Mike and I recently bought a home in Oceanside, California.  We looked for a place with enough land to grow our own fruits and vegetables, adequate space for Mike's enormous tortoises, and still enough space left over for us to relax and unwind.  We love this place.
  
I had attended a fascinating event in the summer of 2007 that was sponsored by San Diego Food Not Lawns.  I attended one workshop where the presenter showed pictures of his front yard, which was landscaped with food plants.  The presenter made the point that you don't have to do everything at once – that you can take out the grass in small patches and just landscape in small, manageable sections.  You can even leave paths of grass between the sections.  You can use the tall plants like fruit trees to support other plants like pole beans, with the lettuces underneath because they like a bit of shade, so that the plants work together.  His pictures were beautiful!

So Mike and I committed ourselves to using only organic farming methods for our fruits and vegetables, and even for the grass.  That's because the more that we have learned about the dangerousness of the chemicals that are slathered on people's food and yards, the less we want anything to do with it.

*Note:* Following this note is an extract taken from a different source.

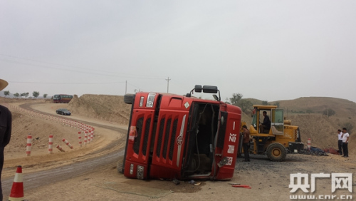 便道上侧翻的卡车【杨先生供图】

This decision required us to do some extremely hard manual labor as we dug out waist-high weeds, one by one, then tilled and planted grass and vegetables.  But we were determined to walk the talk.

And the wisdom of our decision was made truly, wonderfully and visually worthwhile for us when one day we watched a tiny bird using our wet grass as a bird bath, and then drinking the water from the grass blades.  That was when we were really glad that we had not used chemicals to kill the weeds, because we knew that our tiny guest was safe playing in our yard and drinking the water off of our grass.  And by the way, I like to wiggle my own toes in the wet grass sometimes, and it is very good to know that it is chemical-free.

And speaking of birds, we have a bird feeder right by the patio, and the finches come right up even when we're sitting out there.  There are lots of mockingbirds back there, too.  I've been trying to teach them the first few notes of the Marseillaise, but they don't seem very impressed with my whistling.  Or maybe they just don't like the French.  No accounting for taste, oui?

In the front yard, we have so far planted a stand of banana trees, an apple tree, a mandarin orange, two papayas, and two blueberry bushes.  There will be a small orchard there eventually.  In the turtle and people parts of the backyard, we've planted a macadamia nut tree, three zinfandel grapevines, a coffee tree, an allspice tree, three cherry trees (one Catalina cherry and two Surinam cherries), a fig tree, and a lemon tree – so far.  There will be more stuff coming in soon, no doubt.  I'm nowhere near done with this yet.


A WEED BY ANY OTHER NAME IS A PLANT

We actually left the weeds on the turtles' side of the yard, but they've eaten almost all of them by now.   We tilled the bare areas and planted clover and grass, carefully steering the roto-tiller around to avoid the weeds in order to leave them growing there for the turtles to feed on.  And would you believe, we also planted MORE weeds in there!  Actually, dandelion greens are about three times more expensive than other types of greens at the vegetable sections of the grocery stores, and they're way more nutritious – both for turtles and for people.  So we transplanted dandelions into the turtle yard, and when one goes to flower, we thump the seeds back into it again!

I've always said that the only difference between a weed and a plant is whether you want it where it is.  If you want it, then it isn't a weed, no matter what it is or what the neighbors think of it (by the way, we made sure to buy in an area with no covenants like that). 

TERRA PRETA "FIRST DAY OF CREATION" 

We set out early one Sunday morning to make terra preta soil in the vegetable garden side of the back yard.  We were out rather early because it was going to get hot later in the day, and we wanted to do the greatest part of the work while it was relatively cool. 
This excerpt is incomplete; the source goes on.